You need a few syscalls: to grow your heap size (brk) or to exit your program (exit). I took a quick look at their code and here are the syscalls and arguments implemented: https://github.com/varnish/tinykvm/blob/master/src/functions...

It’s a bit more than running a program under seccomp strict mode, but conceptually similar, so running anything too complicated likely won't work. You certainly won’t be able to sandbox chromium for taking website snapshots for example.

2 more replies

winternewt1y ago

What do you mean by I/O exactly? Because to me handling HTTP requests definitely requires I/O, no matter how you technically implement it. Does the program start anew with new arguments for each HTTP request, and if so how is that an improvement over I/O syscalls?

2 more replies

jkrshnmenon1y ago

I believe it ships with its own kernel

> The TinyKVM guest has a tiny kernel which cannot be modified.

klooney1y ago

There is a non-configurable kernel in there

1 more reply

conradev1y ago· 5 in thread

Could this be used to migrate execution of a single program between two different machines?

fwsgonzo1y ago

Yep. I could imagine a deterministic method of just sending the executable + changed pages. Then load the program in the same way on the other machine, and then apply the changed pages. It would be a minimal transfer. Thread state can also be migrated, but Linux-kernel stuff like FDs cannot or at least, that's not my area of expertise!

vidarh1y ago

There was Condor for this[1], a couple of decades ago. Condor would checkpoint the process and restart it on another machine entirely user-level (but requiring processes to link to their library) by continuing to forward system calls. It of course had plenty of limitations, and some of their decisions would be considered serious security risks now (e.g. they intercept open() and record the name, and assume that its safe to reopen a file by the same name after migration), but it was an interesting system.
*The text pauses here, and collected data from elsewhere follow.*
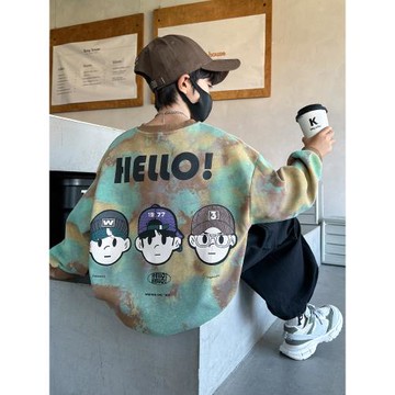 男童春季迷彩衛衣2025新款男孩帥氣炸街中大童卡通印花圓領上衣潮
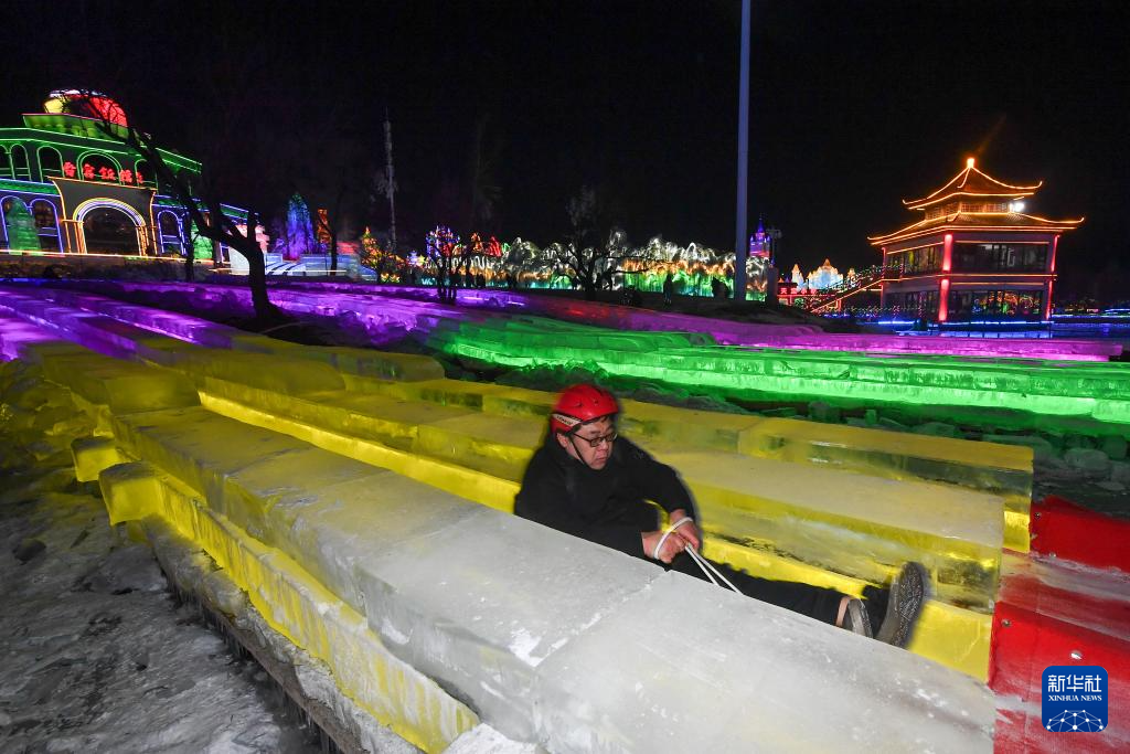 12月17日,游客在長春冰雪新天地體驗冰滑梯。
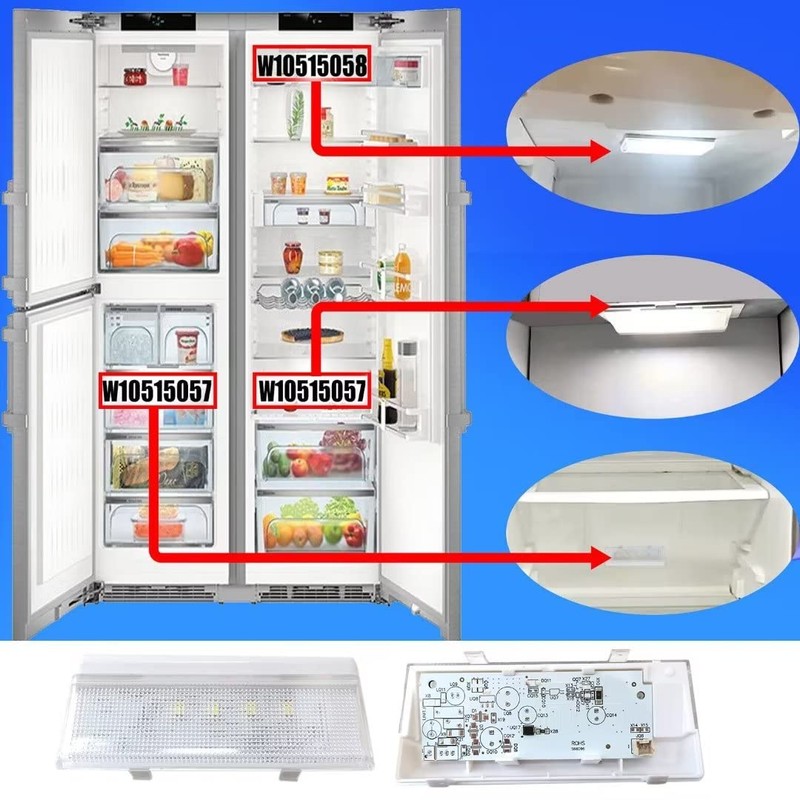 Some refrigerator has three lights, one main ceiling LED light and two auxiliary LED light on the rear panel, if the main light is not on, you should first replace the main light W10515058 and then replace the refrigerator light W10515057, otherwise the W10515057 may be shorted and burned.

I think migrating cooperating processes would be fairly simple, and the big challenge is rather to decide on the right set of tradeoffs.

[1] https://chtc.cs.wisc.edu/doc/ckpt97.pdf

1 more reply

conradev1y ago

Yeah, that would be very cool!

With a read-only operating system that is identical across machines (i.e. NixOS or Silverblue), you would only have to send the dirty pages, too!

shrubble1y ago

I don’t see why not; over ten years ago the OpenVZ vm code had a way to rsync a container across the network; syncing everything; then only the pages that had changed since the start of sync; then the final pages that had changed in the last few seconds. There was a tiny delay to pause the container on the old and start on the new host; but I am sure that this could be reduced further.

pabs31y ago

I think CRIU can do that:

https://criu.org/

nine_k1y ago· 4 in thread

Oh. It's like Firecracker, only much faster 8-)

What I like most is the ability to instantly reset the state of the VM to a known predefined state. It's like restarting the VM without any actual restart. It looks like an ideal course of action for network-facing services that are constantly under attack: even if an attack succeeds, the result is erased on the next request.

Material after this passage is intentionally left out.